MATERIALS AND METHODS
Bacterial strains, antibiotics, and culture methods.
The following S. aureus strains were used: strain 8325-4, a high-level α-toxin-producing strain (24); its α-toxin-deficient mutant, DU 1090, prepared by insertion of a transposon in the hla gene (27); four methicillin-resistant clinical isolates of S. aureus (methicillin-resistant S. aureus [MRSA] isolates 1 to 4); and three methicillin-sensitive clinical isolates of S. aureus (methicillin-sensitive S. aureus [MSSA] isolates 1 to 3). Strains were cultured in vitro in tryptone soy broth (TSB; Oxoid, Basingstoke, England) with or without subinhibitory concentrations of antibiotics at 37°C with shaking (200 rpm). The antibiotics moxifloxacin (BAY 12-8039; Bayer AG) and amoxicillin, gentamicin, and nafcillin (Sigma-Aldrich, Deisenhofen, Germany) were used. Antibiotic resistance testing revealed that laboratory strains 8325-4 and DU 1090 were susceptible to the antibiotics tested, whereas the MRSA strains were resistant and the MSSA strains varied in their susceptibilities (Table 1). MICs for S. aureus strains were determined by the broth dilution method according to the NCCLS performance standards for antimicrobial testing (22). The subinhibitory concentrations are listed in Table 1. S. aureus strains were tested for β-lactamase activity by the nitrocefin assay (Oxoid). As positive controls, three Staphylococcus carnosus strains carrying an Escherichia coli plasmid encoding a β-lactamase were used (a kind gift of Fritz Götz). The mean β-lactamase activities for these strains were set equal to 100%. Besides strain MRSA 4 (42% β-lactamase activity), the other clinical isolates showed a mean ± standard deviation (SD) β-lactamase activity of 13.4% ± 5.6%, whereas laboratory strain 8325-4 and its α-toxin-deficient mutant, DU 1090, were totally negative for β-lactamase activity. Following overnight culturing, S. aureus strains were adjusted to an optical density at 600 nm (OD600) of 0.05 (Ultrospec III; Pharmacia Biotech, Freiburg, Germany). The suspension was again incubated as described above, and the bacteria were grown to an OD600 of 4.5, depending on the strain used and the antibiotic added, after 4.25 to 10.25 h. One milliliter of the samples was centrifuged (10,000 rpm [GR4-12; Jouan, Saint Nazaire, France]).
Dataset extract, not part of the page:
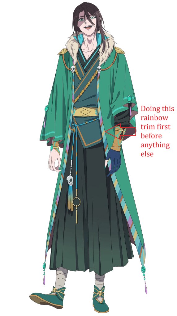 Then I started sewing. I mentioned in this post that the summer of 2025 I decided I wanted to cosplay Qi Rong from Heaven Official’s Blessing (the donghua, not the novel or manhua). He’s a despicable, over-the-top character and I don’t really like him–although sometimes he’s funny. Rather, I chose him because I never see him cosplayed, and he has a really unique style. Compared to Hua Cheng, who I someday really want to cosplay, his costuming seems much easier for me to make.

Supernatants were subjected to Western blotting and to the hemolysis assay; the cells were subjected to Northern blotting.
TABLE 1.
MICs and subinhibitory concentrations
| Strain | Amoxicillin
|
Gentamicin
|
Moxifloxacin
|
|||
|---|---|---|---|---|---|---|
| MIC (mg/liter) | SICs (per liter)a | MIC (mg/liter) | SICs (per liter)a | MIC (mg/liter) | SICs (per liter)a | |
| 8325-4 | 0.25 | 1 μg, 10 μg | 2 | 10 μg, 100 μg | 0.125 | 1 μg, 10 μg |
| DU 1090 | 0.25 | 1 μg, 10 μg | 1 | 10 μg, 100 μg | 0.0625 | 1 μg, 10 μg |
| MRSA 1 | 32 | 1 mg, 10 mg | >128 | 10 mg, 100 mg | 8 | 100 μg, 1 mg |
| MRSA 2 | 64 | 1 mg, 10 mg | >128 | 10 mg, 100 mg | 8 | 100 μg, 1 mg |
| MRSA 3 | 32 | 1 mg, 10 mg | >128 | 10 mg, 100 mg | 8 | 100 μg, 1 mg |
| MRSA 4 | 8 | 100 μg, 1 mg | >128 | 10 mg, 100 mg | 4 | 100 μg, 1 mg |
| MSSA 1 | 4 | 100 μg, 1 mg | 8 | 100 μg, 1 mg | 0.0625 | 1 μg, 10 μg |
| MSSA 2 | 2 | 100 μg, 1 mg | 4 | 100 μg, 1 mg | 0.0625 | 1 μg, 10 μg |
| MSSA 3 | 0.25 | 1 μg, 10 μg | 8 | 100 μg, 1 mg | 0.0625 | 1 μg, 10 μg |
Two different subinhibitory concentrations (SICs) of antibiotics with variable relation to MICs were added to liquid cultures of selected S. aureus strains, which were grown as described in Materials and Methods.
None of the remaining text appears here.